In all cases, as soon as a call to one of these security sensitive APIs
succeeds, all future calls to these APIs in that process will succeed (once
the operating system random number generator is ready after system boot, it
remains ready).
Related changes
---------------
Currently, SipHash initialization and ``random`` module initialization
both gather random bytes using the same code that underlies
``os.urandom``. This PEP proposes to modify these so that in situations where
``os.urandom`` would raise a ``BlockingIOError``, they automatically
fall back on potentially more predictable sources of randomness (and in the
SipHash case, print a warning message to ``stderr`` indicating that that
particular Python process should not be used to process untrusted data).
To transparently accommodate a potential future where Linux adopts the same
"potentially blocking during system initialization" ``/dev/urandom`` behaviour
used by other \*nix systems, this fallback source of randomness will *not* be
the ``/dev/urandom`` device.
Limitations on scope
--------------------
No changes are proposed for Windows or Mac OS X systems, as neither of those
platforms provides any mechanism to run Python code before the operating
system random number generator has been initialized. Mac OS X goes so far as
to kernel panic and abort the boot process if it can't properly initialize the
random number generator (although Apple's restrictions on the supported
hardware platforms make that exceedingly unlikely in practice).

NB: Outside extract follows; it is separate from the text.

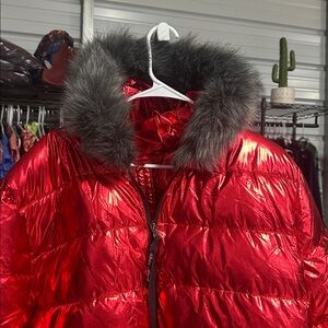 NWOT White Mark Plus Size Metallic Puffer Coat Red 3X

Similarly, no changes are proposed for other \*nix systems where
``os.urandom()`` will currently block waiting for the system random number
generator to be initialized, rather than returning values that are potentially
unsuitable for use in security sensitive applications.
While other \*nix systems that offer a non-blocking API for requesting random
numbers suitable for use in security sensitive applications could potentially
receive a similar update to the one proposed for Linux in this PEP, such
changes are out of scope for this particular proposal.
Python's behaviour on older Linux systems that do not offer the new
``getrandom()`` syscall will also remain unchanged.
Rationale
=========
Raising ``BlockingIOError`` in ``os.urandom()`` on Linux
--------------------------------------------------------
For several years now, the security community's guidance has been to use
``os.urandom()`` (or the ``random.SystemRandom()`` wrapper) when implementing
security sensitive operations in Python.
To help improve API discoverability and make it clearer that secrecy and
simulation are not the same problem (even though they both involve
random numbers), PEP 506 collected several of the one line recipes based
on the lower level ``os.urandom()`` API into a new ``secrets`` module.
However, this guidance has also come with a longstanding caveat: developers
writing security sensitive software at least for Linux, and potentially for
some other \*BSD systems, may need to wait until the operating system's
random number generator is ready before relying on it for security sensitive
operations. This generally only occurs if ``os.urandom()`` is read very
early in the system initialization process, or on systems with few sources of
available entropy (e.g. some kinds of virtualized or embedded systems), but
unfortunately the exact conditions that trigger this are difficult to predict,
and when it occurs then there is no direct way for userspace to tell it has
happened without querying operating system specific interfaces.
On \*BSD systems (if the particular \*BSD variant allows the problem to occur
at all), encountering this situation means ``os.urandom()`` will either block
waiting for the system random number generator to be ready (the associated
symptom would be for the affected script to pause unexpectedly on the first
call to ``os.urandom()``) or else will behave the same way as it does on Linux.
On Linux, in Python versions up to and including Python 3.4, and in
Python 3.5 maintenance versions following Python 3.5.2, there's no clear
indicator to developers that their software may not be working as expected
when run early in the Linux boot process, or on hardware without good
sources of entropy to seed the operating system's random number generator: due
to the behaviour of the underlying ``/dev/urandom`` device, ``os.urandom()``
on Linux returns a result either way, and it takes extensive statistical
analysis to show that a security vulnerability exists.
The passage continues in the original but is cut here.